Problem details: Using the listing below, please print exactly the lines from the one with "Horní část tabletu" through the one with "今日晋城市煜盛 废钢收购报价已更新,有货的朋友欢迎联系我们!". Leave out every picture.

Material to process:
=== Begin Enclosure ===
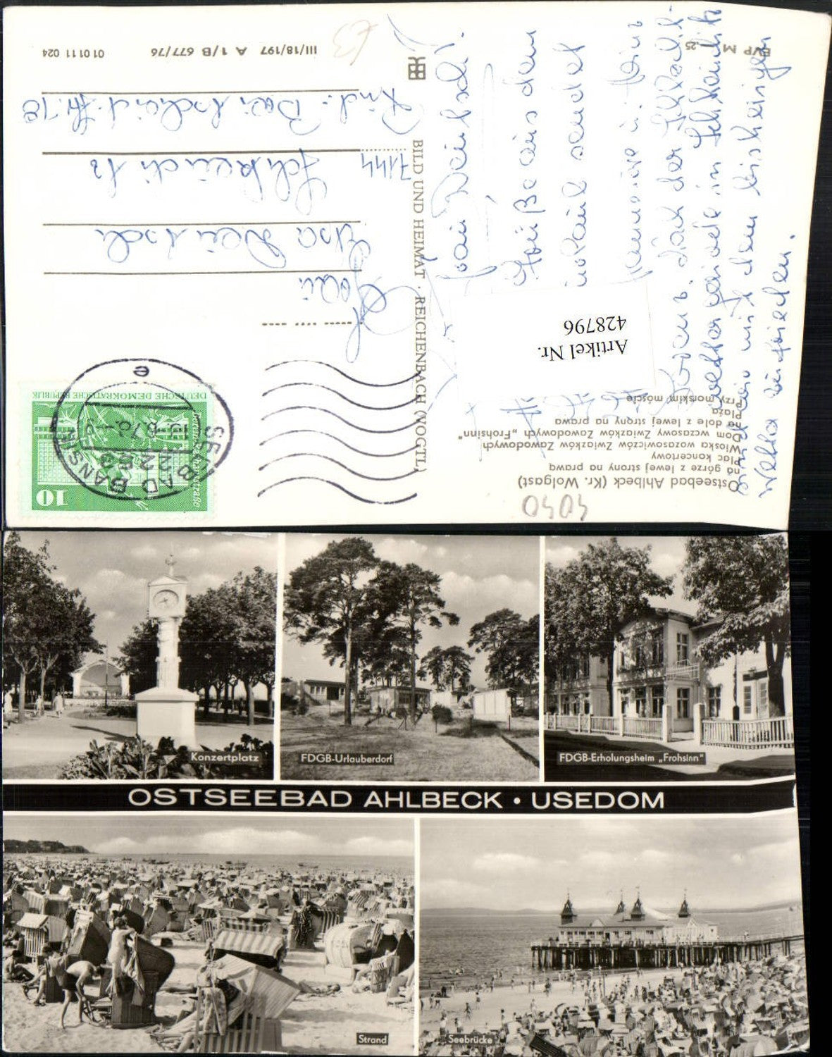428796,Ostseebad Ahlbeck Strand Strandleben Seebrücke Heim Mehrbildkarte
=== End Enclosure ===
=== Begin Enclosure ===
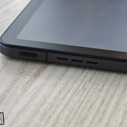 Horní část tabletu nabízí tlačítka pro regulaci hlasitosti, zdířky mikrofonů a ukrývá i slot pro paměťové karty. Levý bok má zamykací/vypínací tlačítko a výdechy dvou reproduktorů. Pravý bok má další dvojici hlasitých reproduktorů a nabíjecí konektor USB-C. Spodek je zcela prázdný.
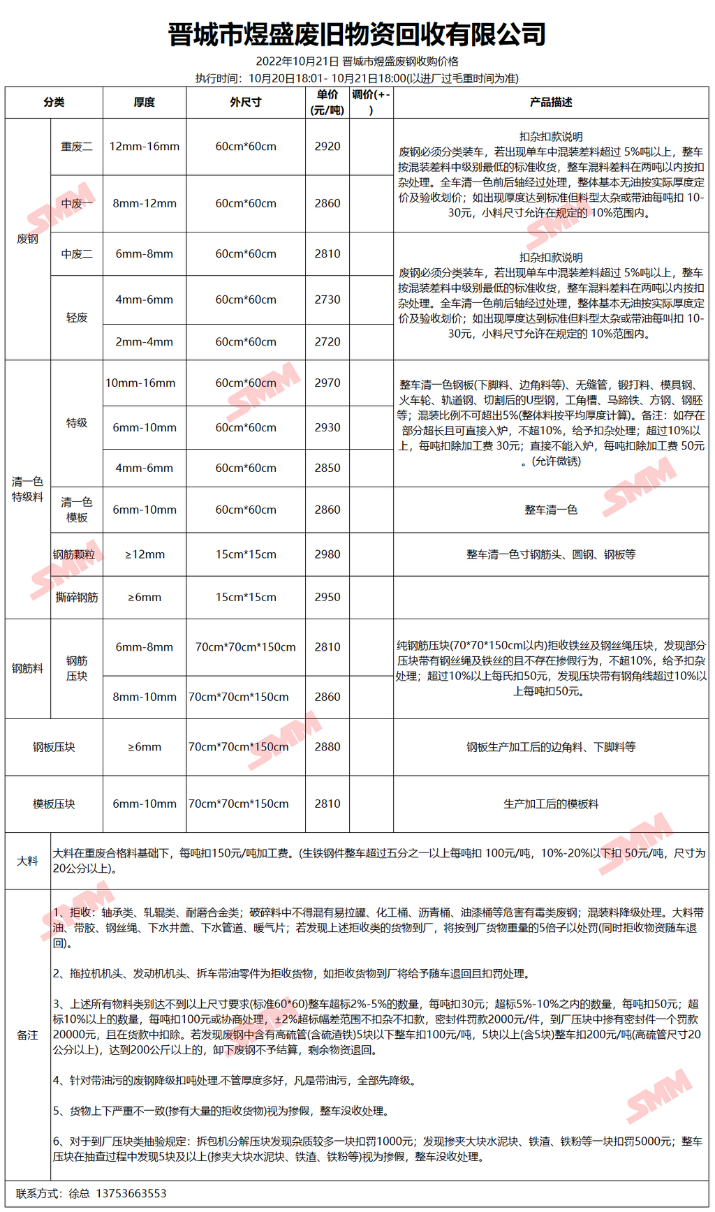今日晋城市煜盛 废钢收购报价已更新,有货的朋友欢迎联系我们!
=== End Enclosure ===
Written solution:
 Horní část tabletu nabízí tlačítka pro regulaci hlasitosti, zdířky mikrofonů a ukrývá i slot pro paměťové karty. Levý bok má zamykací/vypínací tlačítko a výdechy dvou reproduktorů. Pravý bok má další dvojici hlasitých reproduktorů a nabíjecí konektor USB-C. Spodek je zcela prázdný.
今日晋城市煜盛 废钢收购报价已更新,有货的朋友欢迎联系我们!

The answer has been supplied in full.